## WORK ITEM
Below are records with pictures in them. Output exactly the lines from the one with "de servicio! )" through the one with "به گزارش خبرگزاری", both included, and leave every picture out; give only those lines.

-------- SUPPLIED RECORDS

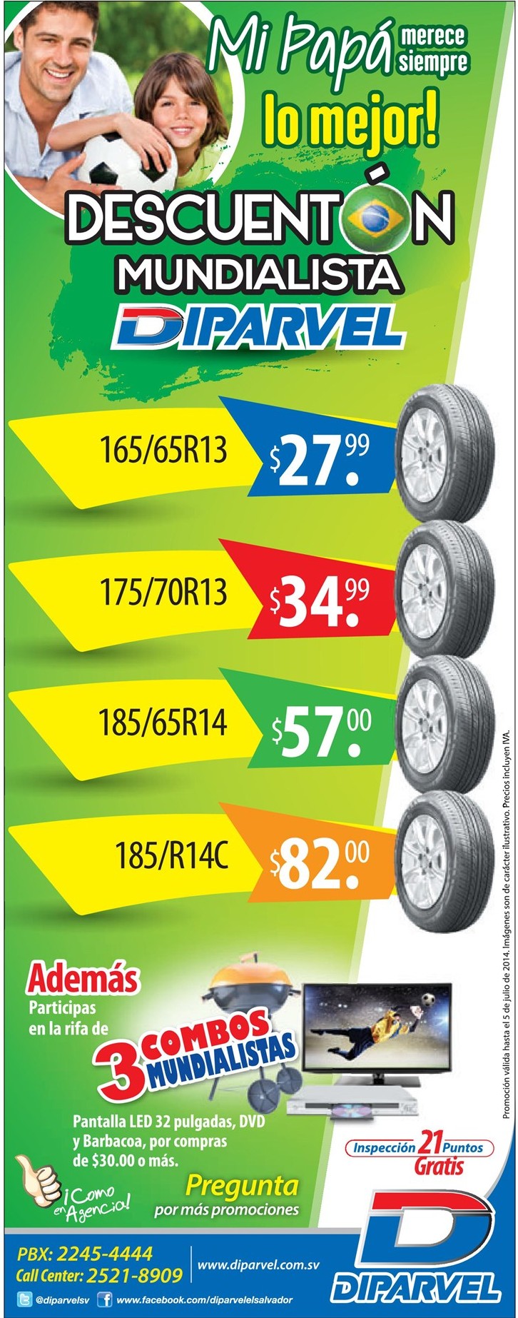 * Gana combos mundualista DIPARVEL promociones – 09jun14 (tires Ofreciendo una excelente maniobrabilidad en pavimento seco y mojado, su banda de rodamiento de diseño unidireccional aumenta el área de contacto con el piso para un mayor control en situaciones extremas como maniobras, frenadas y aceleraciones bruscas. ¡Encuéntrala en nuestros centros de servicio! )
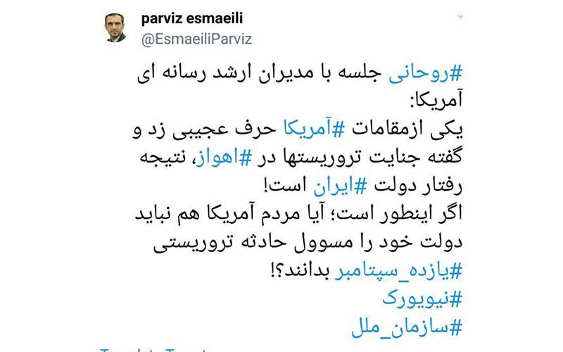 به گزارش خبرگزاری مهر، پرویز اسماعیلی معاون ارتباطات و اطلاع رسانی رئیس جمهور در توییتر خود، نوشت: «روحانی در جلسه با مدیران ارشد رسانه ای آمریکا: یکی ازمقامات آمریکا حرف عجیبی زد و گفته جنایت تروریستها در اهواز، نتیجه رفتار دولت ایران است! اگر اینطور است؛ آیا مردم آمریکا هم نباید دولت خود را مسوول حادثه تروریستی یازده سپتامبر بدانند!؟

----------------
-------- SUPPLIED RECORDS

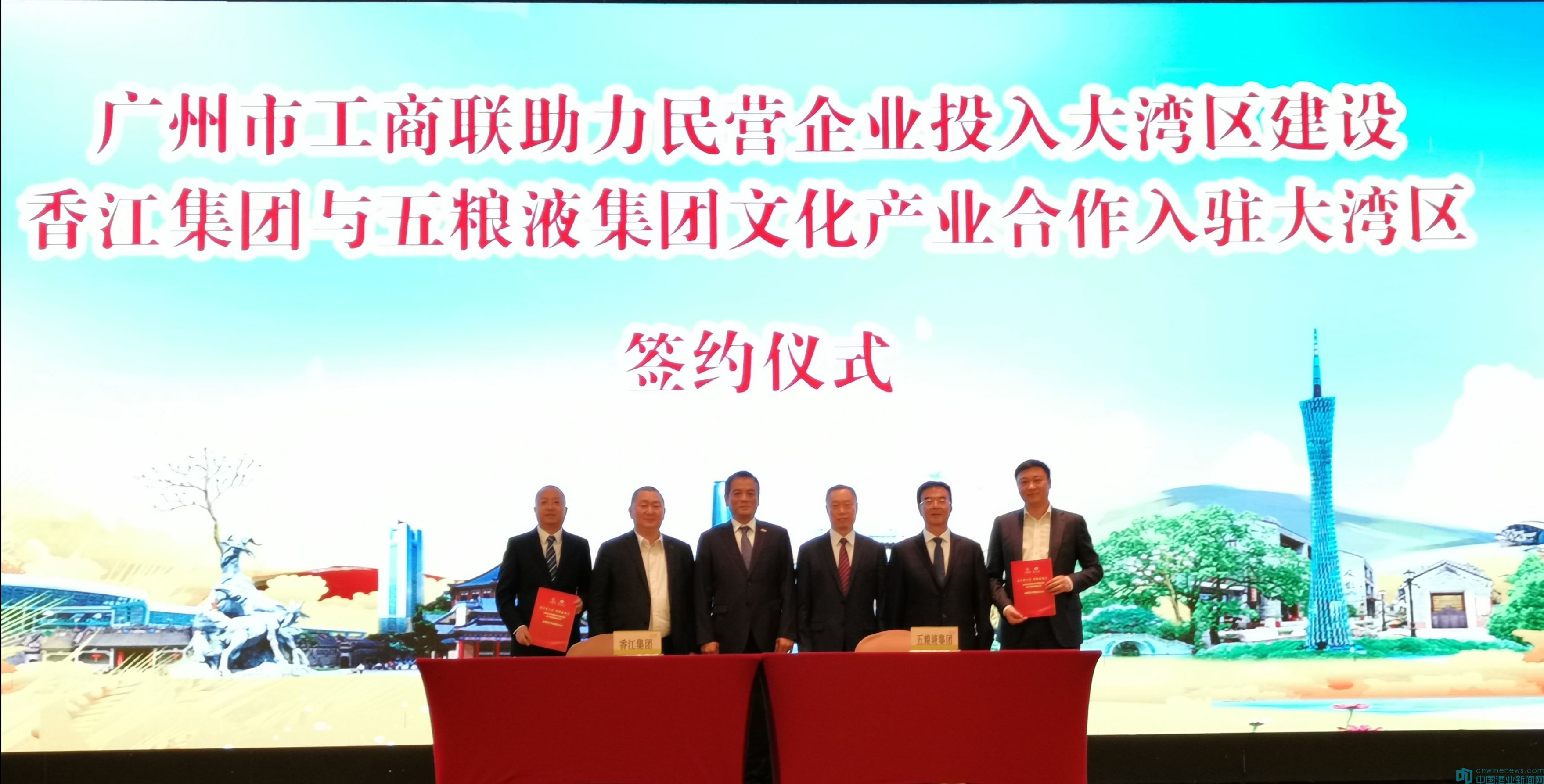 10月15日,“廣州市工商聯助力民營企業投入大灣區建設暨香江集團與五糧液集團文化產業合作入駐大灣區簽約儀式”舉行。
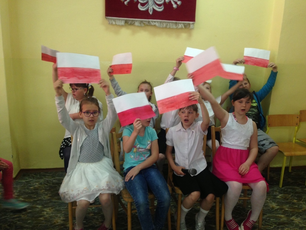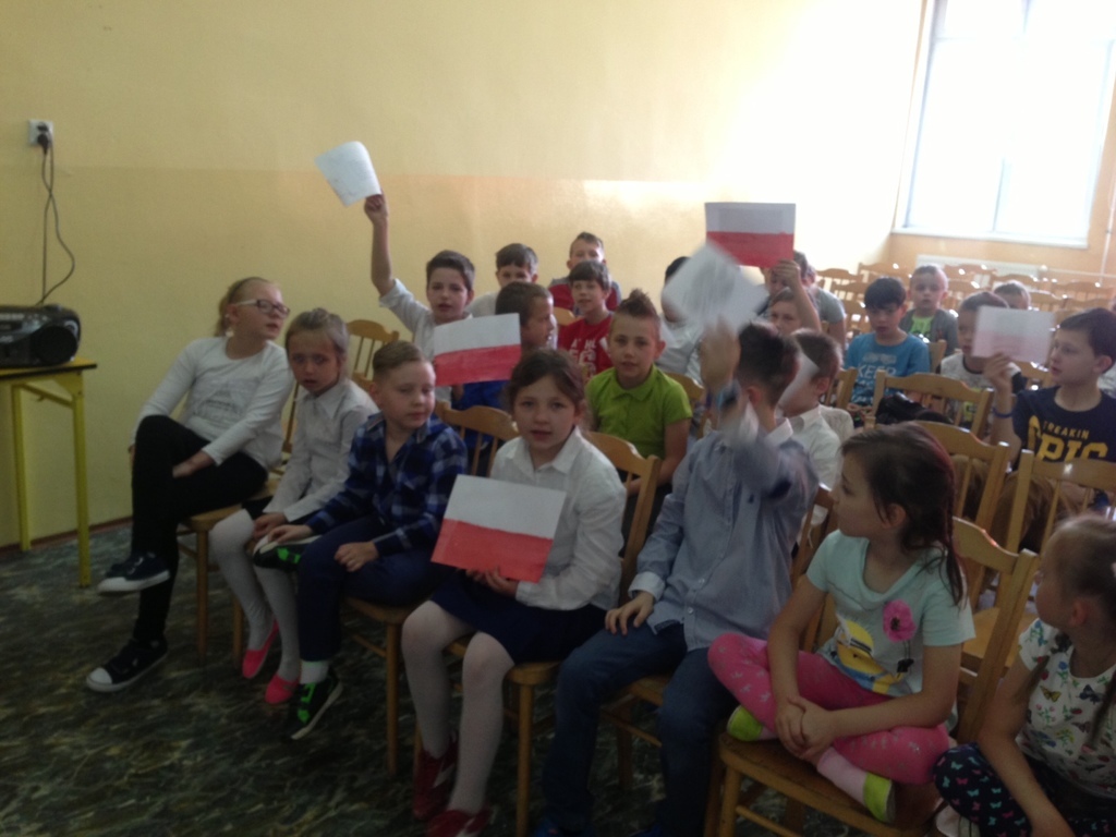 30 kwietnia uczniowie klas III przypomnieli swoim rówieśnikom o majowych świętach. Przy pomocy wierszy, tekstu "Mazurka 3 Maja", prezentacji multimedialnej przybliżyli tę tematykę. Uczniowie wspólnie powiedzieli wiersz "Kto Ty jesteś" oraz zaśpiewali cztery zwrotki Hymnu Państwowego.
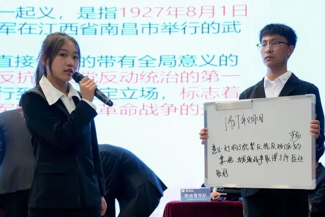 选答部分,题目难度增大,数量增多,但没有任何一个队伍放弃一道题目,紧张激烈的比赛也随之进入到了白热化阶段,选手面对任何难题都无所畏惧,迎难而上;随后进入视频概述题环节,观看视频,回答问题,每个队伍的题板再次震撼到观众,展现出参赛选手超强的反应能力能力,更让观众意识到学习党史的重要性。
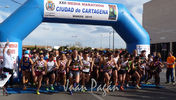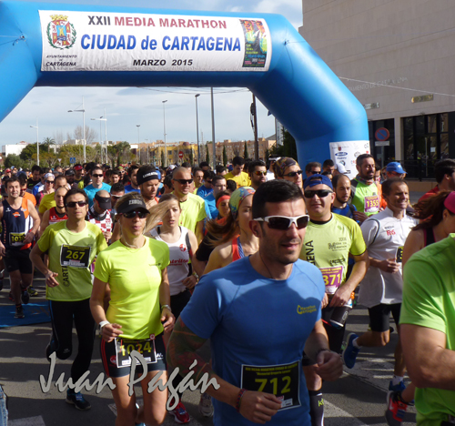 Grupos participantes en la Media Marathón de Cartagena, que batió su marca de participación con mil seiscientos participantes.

----------------
-------- SUPPLIED RECORDS

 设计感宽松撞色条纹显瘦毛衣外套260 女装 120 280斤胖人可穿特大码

----------------

## TASK ANSWER
 * Gana combos mundualista DIPARVEL promociones – 09jun14 (tires Ofreciendo una excelente maniobrabilidad en pavimento seco y mojado, su banda de rodamiento de diseño unidireccional aumenta el área de contacto con el piso para un mayor control en situaciones extremas como maniobras, frenadas y aceleraciones bruscas. ¡Encuéntrala en nuestros centros de servicio! )
 به گزارش خبرگزاری مهر، پرویز اسماعیلی معاون ارتباطات و اطلاع رسانی رئیس جمهور در توییتر خود، نوشت: «روحانی در جلسه با مدیران ارشد رسانه ای آمریکا: یکی ازمقامات آمریکا حرف عجیبی زد و گفته جنایت تروریستها در اهواز، نتیجه رفتار دولت ایران است! اگر اینطور است؛ آیا مردم آمریکا هم نباید دولت خود را مسوول حادثه تروریستی یازده سپتامبر بدانند!؟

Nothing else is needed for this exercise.